- _Data excerpts_
* * *

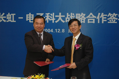 中新四川網(wǎng)12月8日電(陳紅)四川長(zhǎng)虹電器股份有限公司董事長(zhǎng)趙勇和成都電子科技大學(xué)校長(zhǎng)鄒壽彬,今天分別代表雙方,為醞釀已久的長(zhǎng)虹成都電子科大校企聯(lián)姻發(fā)展戰(zhàn)略簽約定音。
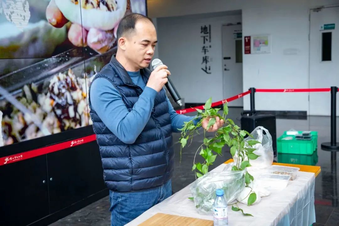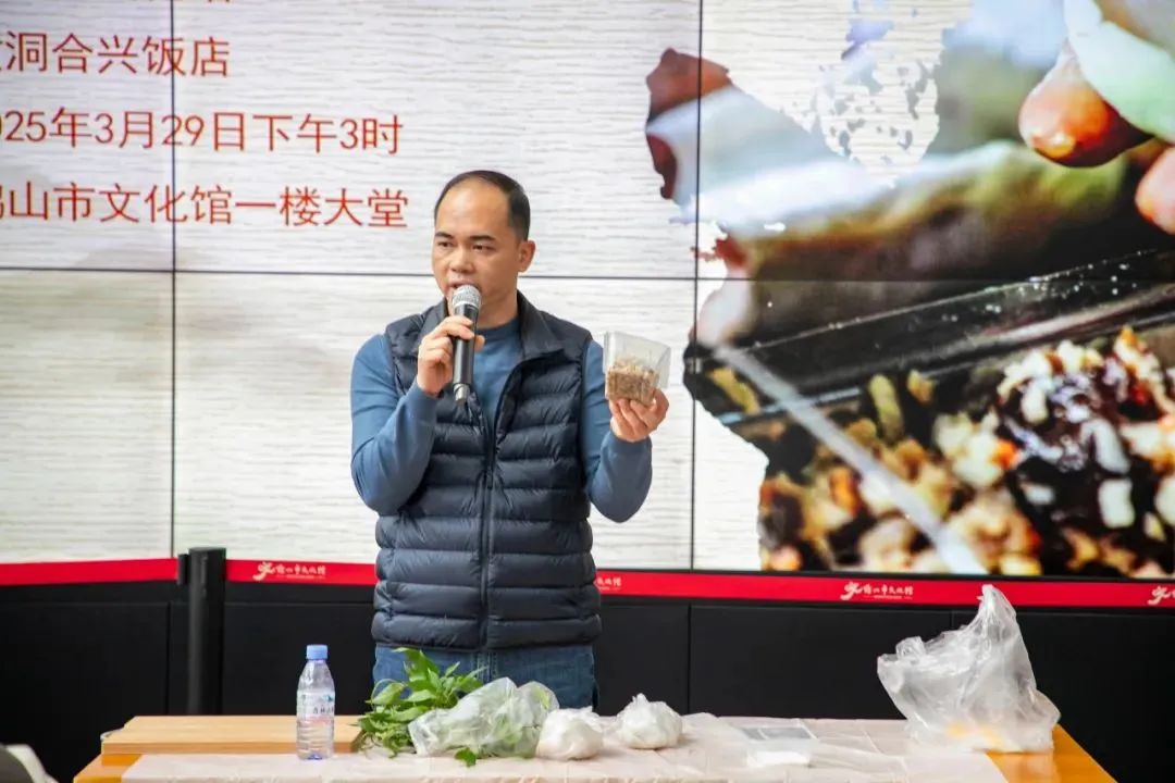 活动邀请了黄洞合兴饭店师傅黄礼权作为分享嘉宾,来为大家详细介绍黄洞米点的历史渊源、主要特征和发展情况等,其中,特别介绍了黄洞米点中鸡屎藤糕的做法和如何分辨鸡屎藤,还准备了鸡屎藤糕让参与者品尝。大家闻香试吃,现场气氛热烈而和谐。
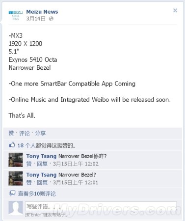 Также на прошедшей неделе появилась информация о готовящемся к выходу флагманском смартфоне Meizu MX3. Девайс станет продолжением модели MX2, которая вышла на прилавки в декабре прошлого года. На сегодняшний день об устройстве известно немного – он получит 5,1 дюймовый дисплей разрешением 1920х1200 точек и процессор Samsung Exynos 5 Octa 5410 (такой же, как и у Samsung Galaxy S4).
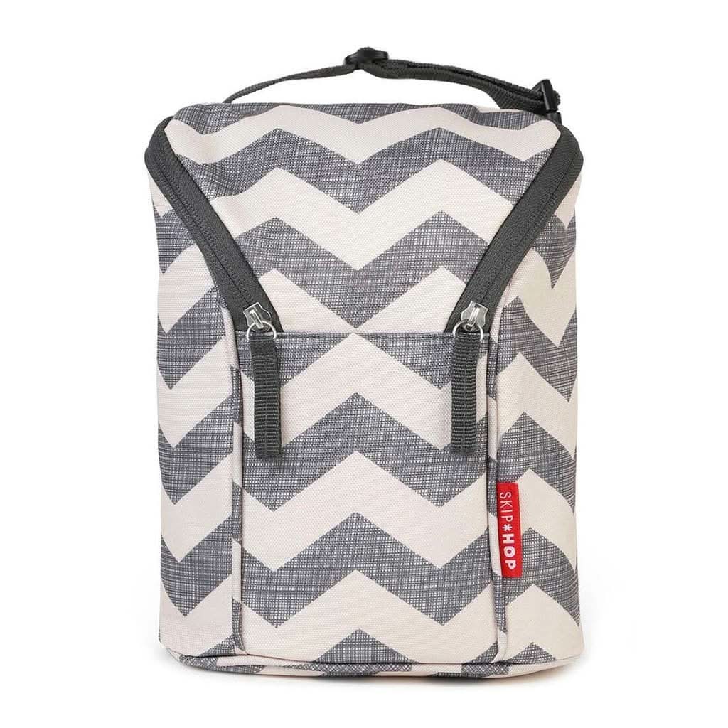 Skip Hop Grab & Go Double Bottle Bag, Chevron keeps two bottles warm or cold with an included freezer pack. With an insulated interior, it’s also great for keeping sippy cups and snacks chilled for hours.
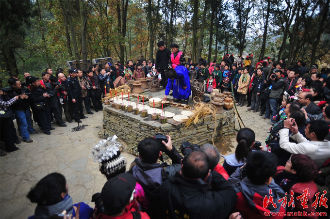 “四月八”的由來傳說甚多,主要是為憑吊“四月八”葬于今噴水池一帶的古代苗族英雄,輩輩相傳,而成習(xí)俗。傳說古代有一個名叫“亞努”的苗族首領(lǐng),領(lǐng)導(dǎo)苗民向統(tǒng)治者進(jìn)行斗爭。他曾組織各寨苗族頭人在“喝血坳”地主喝雞血,發(fā)誓共同聯(lián)合,戰(zhàn)斗到底。并約定四月八日在某山聚眾起義。起義后,義軍連連獲勝,一直打到了四川、貴州。第二年的四月八日,亞努不幸戰(zhàn)死在貴陽市的噴水池附近。苗族人民為了紀(jì)念這位民族英雄,便于每年的四月八這一天,舉行紀(jì)念活動,追思亞宜的業(yè)績,為戰(zhàn)死者掃墓。清代乾嘉苗民起義后,統(tǒng)治者禁止湘西苗族人民舉行這一活動,新中國成立后經(jīng)國家民委批準(zhǔn),將“四月八”定為苗族統(tǒng)一的節(jié)日(圖為2015年貴州松桃苗族“四月八”節(jié)慶盛況,引自貴州銅仁政府網(wǎng)“同仁社區(qū)”)。
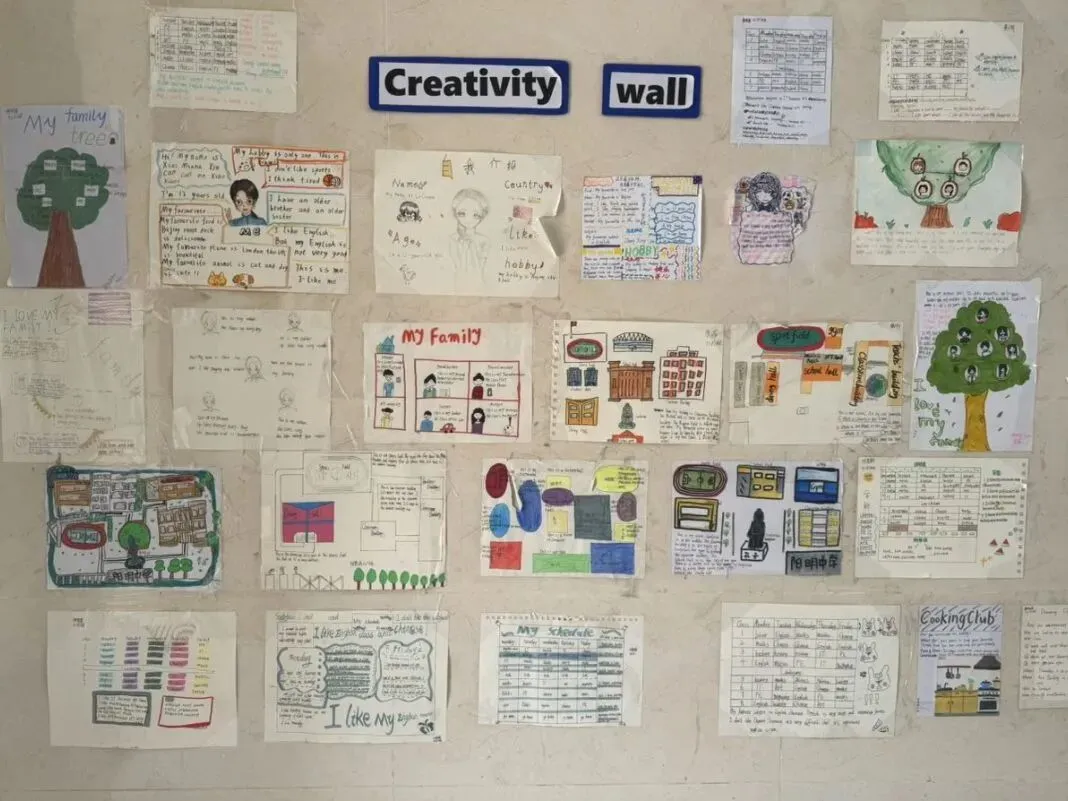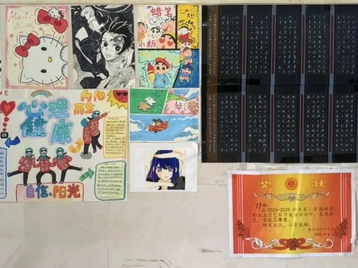 走进教室,首先映入眼帘的是一面面主题突出的文化墙。各班围绕主线内容精心设计版面,通过文字、图片、书画作品等形式,将价值引领与班级实际相结合,让抽象的理念变得可感、可见。文化墙不再只是装饰,而是同学们每日抬头可见、潜移默化接受熏陶的精神坐标。

* * *

- _Work to complete_
Give the lines exactly, from the first line of the entries to the line with "活动邀请了黄洞合兴饭店师傅黄", both ends included. Skip the pictures.

- _Your solution_
 中新四川網(wǎng)12月8日電(陳紅)四川長(zhǎng)虹電器股份有限公司董事長(zhǎng)趙勇和成都電子科技大學(xué)校長(zhǎng)鄒壽彬,今天分別代表雙方,為醞釀已久的長(zhǎng)虹成都電子科大校企聯(lián)姻發(fā)展戰(zhàn)略簽約定音。
 活动邀请了黄洞合兴饭店师傅黄礼权作为分享嘉宾,来为大家详细介绍黄洞米点的历史渊源、主要特征和发展情况等,其中,特别介绍了黄洞米点中鸡屎藤糕的做法和如何分辨鸡屎藤,还准备了鸡屎藤糕让参与者品尝。大家闻香试吃,现场气氛热烈而和谐。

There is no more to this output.